Nokia Lumia McLaren
- Brand: Lumia
- Manufacturer: Microsoft Mobile (formerly Nokia)
- Type: Smartphone
- First released: Never released
- Predecessor: Nokia Lumia 930 Nokia Lumia 1020
- Successor: Microsoft Lumia 950 Microsoft Lumia 950 XL
- Form factor: Slate
- Operating system: Windows Phone 8.1 Update 1
- CPU: Qualcomm Snapdragon 800 (MSM8974) 2.3GHz quad-core processor
- GPU: Adreno 330
- Memory: 2 GB
- Storage: 32 GB
- Removable storage: microSD up to 128 GB
- Rear camera: 20 MP (estimated) PureView sensor with Zeiss optics, optical image stabilisation and a dual-LED flash.
- Front camera: 2 MP
- Display: 5.5-inch Full HD LCD with projected-capacitive touch technology (unconfirmed)
- Connectivity: Micro-USB, 3.5mm audio jack
- Codename: McLaren (formerly Goldfinger)

= Nokia Lumia McLaren =

Unreleased smartphone model

The Nokia Lumia McLaren is an unreleased smartphone developed by Nokia and Microsoft Mobile that utilised a new technology dubbed "3D Touch" (a feature that is unrelated and not the same as the 3D Touch feature that was introduced on the iPhone 6s in late-2015).

Rumors of the McLaren dated back to November 2013. At this point, the phone was actually originally codenamed "Goldfinger", but the name was changed to McLaren later during development. McLaren was eventually cancelled in July 2014, merely four months before its supposed launch in the November of that year. Had the phone not been cancelled, Lumia McLaren could have officially been launched as successor for Lumia 1020. The cancellation left Lumia 1020 have no direct successor and no new Lumia flagship until October 2015. Lumia 1020 only got its "spiritual successor" in February 2019 with the launch of Nokia 9 PureView.

== Hardware ==
The final prototypes of the McLaren featured a grey metal body with a polycarbonate strip along the bottom, likely for radio transparency for the antennas. However, apart from grey ones, silver and full black prototypes have also been built. Daniel Rubino of Windows Central described the device as a "cross between the Lumia 1020 and the Lumia 925". Since the device is a sealed unit, there is a door for the microSD card and the nano SIM. However, in some prototypes with earlier RM-XXXX number, but newer hardware revision number (0151 instead of the 0101 ones that have one door only), there are two separate doors, one for the nanoSIM and one for the storage expansion card.

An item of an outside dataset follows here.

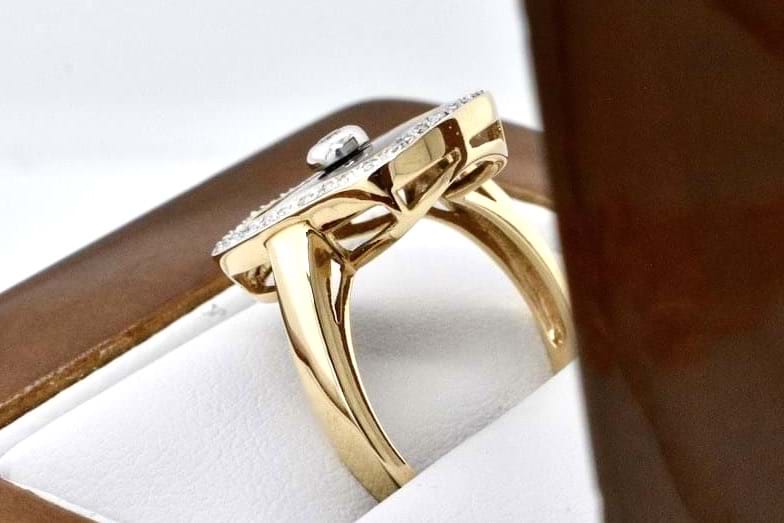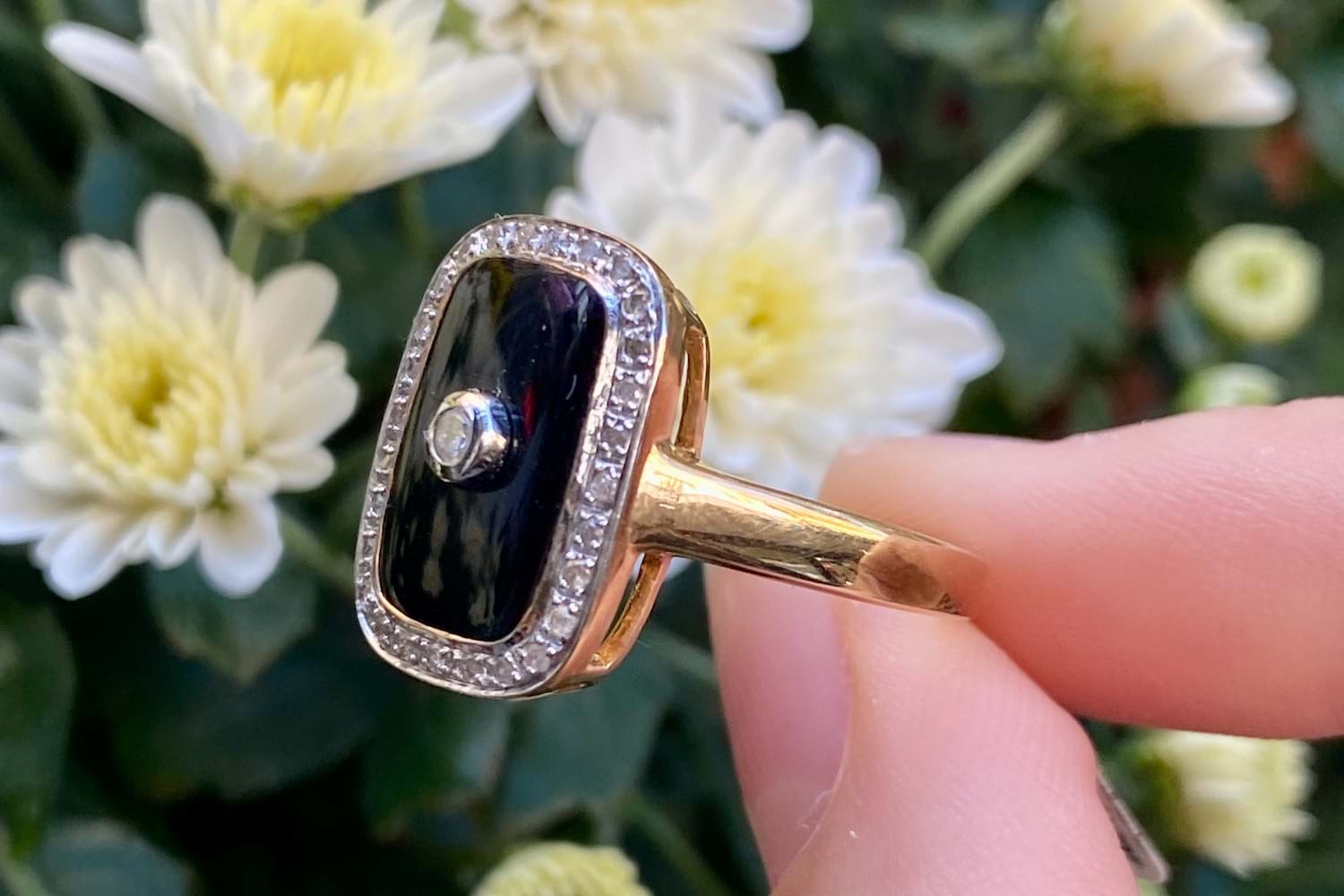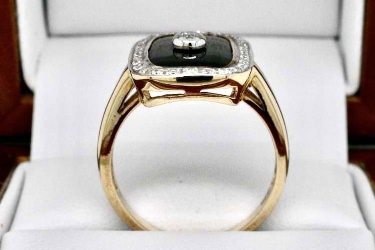 SOLD 9ct Yellow & White Gold Cushion Onyx & Diamond Ring (O)
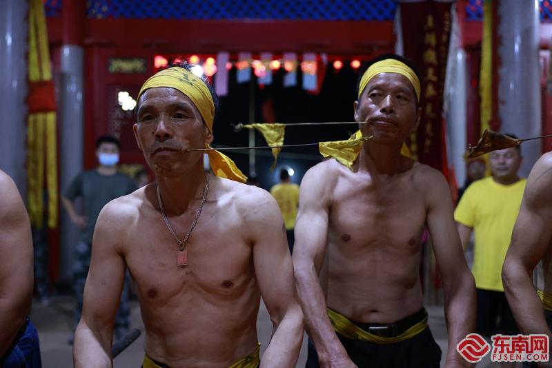 銅針穿腮 徐華山/攝 順昌齊天大圣信俗文化源遠(yuǎn)流長(zhǎng),因特殊的地理環(huán)境和自古崇拜靈猴習(xí)俗,不斷演變形成獨(dú)具特色的齊天大圣信俗文化,在元明時(shí)期曾鼎盛一時(shí),經(jīng)田野考察發(fā)現(xiàn),全縣至今仍保存齊天大圣、通天大圣祭壇、廟宇等遺存遺址106處,及形式多樣的祭祀活動(dòng)。因順昌齊天大圣信俗文化起源悠遠(yuǎn)、遺存豐富、史料翔實(shí)、傳承完整,影響廣泛。順昌被海內(nèi)外信眾奉為齊天大圣祖地,被中國(guó)西游記文化研究會(huì)授予齊天大圣文化研究中心;2011年12月,順昌齊天大圣信俗被福建省人民政府列入省級(jí)非物質(zhì)文化遺產(chǎn)名錄。

Some RM-XXXX numbers include the RM-1001, RM-1002, RM-1003, RM-1004, RM-1050, RM-1051 and RM-1052.

=== Internals ===
The McLaren featured a 2.3 GHz Qualcomm Snapdragon 800 MSM8974 quad-core SoC which also contains an Adreno 330 GPU. This SoC is paired with 2 GB of RAM and 32 GB of internal storage, which can be expanded with microSD cards up to 128 GB in size. It also comes with the non-replaceable Microsoft Battery BV-F4A, 2600mAh.

=== Display ===
McLaren had a 5.5 in (140 mm) LCD with a resolution of 1080x1920 (Full HD) and a 16:9 aspect ratio. The pixel density of this display is 401 ppi. It is unknown which protective glass comes with the Lumia 1030 (probably Gorilla Glass 3 or later). Depending on the firmware installed, it also comes with features that were found on other Lumias, like Glance Screen, double tap and super-sensitive touch (use with gloves).

The display of McLaren is also reported to incorporate projected-capacitive touch technology, which enables the software-driven "3D Touch" features, including the ability to hover over tiles on the Start screen to expand their contents.

=== Camera ===
The McLaren features a PureView-branded rear-facing camera with a resolution of somewhere within the 20 MP range. The in-built camera software, just like on the lumia 1020 shoots only in PureView mode (5-8MP range), with only few settings. However, with the Lumia Camera, the maximum resolution goes up to about 19-20MP (4:3), with the possibility to capture double images as well, like on the lumia 1020 (5MP PureView jpeg + full resolution jpeg or 5MP jpeg + full resolution dng, which is RAW image). Like the Lumia 1020, McLaren also had a large camera "hump", which contained Microsoft's proprietary optical image stabilization hardware (this hardware was later reduced in size for the Lumia 950 and the Lumia 950 XL).

== Software ==
The Lumia McLaren would have originally been released with Windows Phone 8.1 Update 1 with the later potential to upgrade to Windows 10 Mobile. However, due to the 3D Touch technology and software that was incorporated into McLaren, this is unlikely to be ever feasible.

=== 3D Touch ===
One of McLaren's reputed "killer" features was a technology known as "3D Touch" that allowed the user to interact with the phone using gestures. Sensors contained within the device's body and screen enabled new interactions, which mainly centred around the user hovering their finger over the display in order to reveal certain contextual menus or other additional functions.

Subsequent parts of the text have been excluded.